▸ How to complete this task
Exactly the lines below from the one with "Ben fatto! Ora, cliccando" up to and including the one with "PLUS: This NIELSEN" make up the answer, with nothing else added.
══ Information provided
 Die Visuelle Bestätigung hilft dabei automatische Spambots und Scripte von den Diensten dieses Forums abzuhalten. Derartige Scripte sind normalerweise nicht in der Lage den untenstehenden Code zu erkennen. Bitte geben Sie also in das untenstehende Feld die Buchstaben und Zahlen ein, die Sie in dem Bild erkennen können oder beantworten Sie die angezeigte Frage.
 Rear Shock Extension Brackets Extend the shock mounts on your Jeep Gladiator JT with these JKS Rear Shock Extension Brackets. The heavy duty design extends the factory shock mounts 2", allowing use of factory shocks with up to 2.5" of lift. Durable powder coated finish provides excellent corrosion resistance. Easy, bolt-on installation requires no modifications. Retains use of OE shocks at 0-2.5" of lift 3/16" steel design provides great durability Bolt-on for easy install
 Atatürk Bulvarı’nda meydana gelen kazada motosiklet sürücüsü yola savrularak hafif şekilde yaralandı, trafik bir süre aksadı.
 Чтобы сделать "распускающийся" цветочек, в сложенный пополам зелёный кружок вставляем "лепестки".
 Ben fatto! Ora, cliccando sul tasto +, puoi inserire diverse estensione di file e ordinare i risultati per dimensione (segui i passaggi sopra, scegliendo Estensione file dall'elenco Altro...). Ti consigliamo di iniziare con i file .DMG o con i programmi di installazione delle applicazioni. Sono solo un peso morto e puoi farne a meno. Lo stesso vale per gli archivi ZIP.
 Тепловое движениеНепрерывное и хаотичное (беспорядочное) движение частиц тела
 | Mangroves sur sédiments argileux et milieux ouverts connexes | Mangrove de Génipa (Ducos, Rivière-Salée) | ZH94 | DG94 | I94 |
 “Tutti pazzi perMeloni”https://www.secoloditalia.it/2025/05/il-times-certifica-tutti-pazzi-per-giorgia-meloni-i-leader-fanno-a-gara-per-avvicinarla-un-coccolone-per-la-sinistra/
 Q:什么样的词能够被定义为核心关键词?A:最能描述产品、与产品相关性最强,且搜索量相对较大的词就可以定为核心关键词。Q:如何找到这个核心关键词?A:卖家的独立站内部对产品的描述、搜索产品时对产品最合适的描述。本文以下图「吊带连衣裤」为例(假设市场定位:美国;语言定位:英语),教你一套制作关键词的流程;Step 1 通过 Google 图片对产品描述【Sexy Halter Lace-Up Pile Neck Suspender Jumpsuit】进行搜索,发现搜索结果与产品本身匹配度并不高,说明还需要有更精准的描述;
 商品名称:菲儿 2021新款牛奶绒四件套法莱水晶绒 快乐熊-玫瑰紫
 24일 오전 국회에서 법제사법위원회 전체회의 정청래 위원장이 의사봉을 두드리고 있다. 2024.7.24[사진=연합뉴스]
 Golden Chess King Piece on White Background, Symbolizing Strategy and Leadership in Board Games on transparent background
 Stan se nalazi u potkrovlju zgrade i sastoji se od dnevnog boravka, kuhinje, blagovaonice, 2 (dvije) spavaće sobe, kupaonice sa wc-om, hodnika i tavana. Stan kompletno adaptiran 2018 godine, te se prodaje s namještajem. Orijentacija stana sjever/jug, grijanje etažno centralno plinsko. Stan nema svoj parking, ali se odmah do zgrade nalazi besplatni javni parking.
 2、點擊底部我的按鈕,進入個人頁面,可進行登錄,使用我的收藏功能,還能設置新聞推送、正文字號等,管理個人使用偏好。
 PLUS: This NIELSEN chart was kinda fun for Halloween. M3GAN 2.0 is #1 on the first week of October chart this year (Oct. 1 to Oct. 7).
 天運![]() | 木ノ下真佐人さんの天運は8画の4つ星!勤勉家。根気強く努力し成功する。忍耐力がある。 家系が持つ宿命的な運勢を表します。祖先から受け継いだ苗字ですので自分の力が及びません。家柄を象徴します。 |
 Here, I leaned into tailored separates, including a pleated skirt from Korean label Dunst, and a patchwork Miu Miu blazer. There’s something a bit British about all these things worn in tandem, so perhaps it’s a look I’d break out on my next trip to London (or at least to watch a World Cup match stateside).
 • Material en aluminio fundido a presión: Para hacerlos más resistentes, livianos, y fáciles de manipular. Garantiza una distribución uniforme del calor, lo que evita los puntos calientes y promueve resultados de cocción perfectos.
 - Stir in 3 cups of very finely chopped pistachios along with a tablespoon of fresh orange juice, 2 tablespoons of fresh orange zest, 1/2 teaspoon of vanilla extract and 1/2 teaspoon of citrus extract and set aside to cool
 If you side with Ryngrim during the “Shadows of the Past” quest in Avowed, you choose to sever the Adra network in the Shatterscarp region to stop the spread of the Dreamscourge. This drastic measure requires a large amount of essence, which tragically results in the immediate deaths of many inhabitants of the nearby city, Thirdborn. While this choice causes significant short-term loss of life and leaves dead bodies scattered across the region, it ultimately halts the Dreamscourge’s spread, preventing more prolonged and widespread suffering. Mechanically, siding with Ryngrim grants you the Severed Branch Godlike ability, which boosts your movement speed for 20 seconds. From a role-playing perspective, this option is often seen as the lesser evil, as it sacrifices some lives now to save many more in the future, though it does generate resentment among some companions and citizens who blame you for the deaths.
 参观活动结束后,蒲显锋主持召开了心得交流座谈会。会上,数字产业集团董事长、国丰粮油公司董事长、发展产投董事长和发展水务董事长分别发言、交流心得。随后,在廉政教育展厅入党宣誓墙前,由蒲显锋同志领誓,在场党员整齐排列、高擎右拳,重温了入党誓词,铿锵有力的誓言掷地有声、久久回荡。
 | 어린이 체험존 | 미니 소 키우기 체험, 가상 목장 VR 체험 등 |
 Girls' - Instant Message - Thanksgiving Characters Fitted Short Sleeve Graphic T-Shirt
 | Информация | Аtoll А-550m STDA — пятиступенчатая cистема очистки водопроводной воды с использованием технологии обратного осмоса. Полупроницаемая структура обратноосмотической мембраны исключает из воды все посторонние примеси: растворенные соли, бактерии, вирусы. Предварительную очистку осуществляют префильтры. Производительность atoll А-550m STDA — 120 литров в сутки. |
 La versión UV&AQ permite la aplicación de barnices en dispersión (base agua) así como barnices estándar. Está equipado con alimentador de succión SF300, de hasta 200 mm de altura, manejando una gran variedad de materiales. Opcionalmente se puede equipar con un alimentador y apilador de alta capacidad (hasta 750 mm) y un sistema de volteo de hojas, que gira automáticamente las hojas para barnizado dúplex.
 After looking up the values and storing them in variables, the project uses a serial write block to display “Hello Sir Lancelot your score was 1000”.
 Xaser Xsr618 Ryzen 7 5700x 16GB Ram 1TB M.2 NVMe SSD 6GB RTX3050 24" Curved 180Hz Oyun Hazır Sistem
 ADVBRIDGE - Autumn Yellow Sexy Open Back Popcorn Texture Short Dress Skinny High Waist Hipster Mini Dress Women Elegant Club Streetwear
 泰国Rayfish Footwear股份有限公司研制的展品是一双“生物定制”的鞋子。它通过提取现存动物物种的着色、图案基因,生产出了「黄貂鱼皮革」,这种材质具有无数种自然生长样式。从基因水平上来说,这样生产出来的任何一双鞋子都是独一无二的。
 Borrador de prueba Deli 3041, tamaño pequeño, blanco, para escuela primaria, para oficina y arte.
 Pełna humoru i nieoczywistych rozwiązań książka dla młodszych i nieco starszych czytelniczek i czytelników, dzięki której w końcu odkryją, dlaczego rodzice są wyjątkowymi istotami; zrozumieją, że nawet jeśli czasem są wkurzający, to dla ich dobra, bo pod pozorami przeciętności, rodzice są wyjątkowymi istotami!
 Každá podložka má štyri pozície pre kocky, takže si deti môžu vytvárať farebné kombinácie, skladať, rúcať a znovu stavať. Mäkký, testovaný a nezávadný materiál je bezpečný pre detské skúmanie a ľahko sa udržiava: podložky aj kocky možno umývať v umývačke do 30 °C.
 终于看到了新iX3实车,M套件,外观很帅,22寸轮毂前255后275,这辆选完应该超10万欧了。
════
▸ Response box
 Ben fatto! Ora, cliccando sul tasto +, puoi inserire diverse estensione di file e ordinare i risultati per dimensione (segui i passaggi sopra, scegliendo Estensione file dall'elenco Altro...). Ti consigliamo di iniziare con i file .DMG o con i programmi di installazione delle applicazioni. Sono solo un peso morto e puoi farne a meno. Lo stesso vale per gli archivi ZIP.
 Тепловое движениеНепрерывное и хаотичное (беспорядочное) движение частиц тела
 | Mangroves sur sédiments argileux et milieux ouverts connexes | Mangrove de Génipa (Ducos, Rivière-Salée) | ZH94 | DG94 | I94 |
 “Tutti pazzi perMeloni”https://www.secoloditalia.it/2025/05/il-times-certifica-tutti-pazzi-per-giorgia-meloni-i-leader-fanno-a-gara-per-avvicinarla-un-coccolone-per-la-sinistra/
 Q:什么样的词能够被定义为核心关键词?A:最能描述产品、与产品相关性最强,且搜索量相对较大的词就可以定为核心关键词。Q:如何找到这个核心关键词?A:卖家的独立站内部对产品的描述、搜索产品时对产品最合适的描述。本文以下图「吊带连衣裤」为例(假设市场定位:美国;语言定位:英语),教你一套制作关键词的流程;Step 1 通过 Google 图片对产品描述【Sexy Halter Lace-Up Pile Neck Suspender Jumpsuit】进行搜索,发现搜索结果与产品本身匹配度并不高,说明还需要有更精准的描述;
 商品名称:菲儿 2021新款牛奶绒四件套法莱水晶绒 快乐熊-玫瑰紫
 24일 오전 국회에서 법제사법위원회 전체회의 정청래 위원장이 의사봉을 두드리고 있다. 2024.7.24[사진=연합뉴스]
 Golden Chess King Piece on White Background, Symbolizing Strategy and Leadership in Board Games on transparent background
 Stan se nalazi u potkrovlju zgrade i sastoji se od dnevnog boravka, kuhinje, blagovaonice, 2 (dvije) spavaće sobe, kupaonice sa wc-om, hodnika i tavana. Stan kompletno adaptiran 2018 godine, te se prodaje s namještajem. Orijentacija stana sjever/jug, grijanje etažno centralno plinsko. Stan nema svoj parking, ali se odmah do zgrade nalazi besplatni javni parking.
 2、點擊底部我的按鈕,進入個人頁面,可進行登錄,使用我的收藏功能,還能設置新聞推送、正文字號等,管理個人使用偏好。
 PLUS: This NIELSEN chart was kinda fun for Halloween. M3GAN 2.0 is #1 on the first week of October chart this year (Oct. 1 to Oct. 7).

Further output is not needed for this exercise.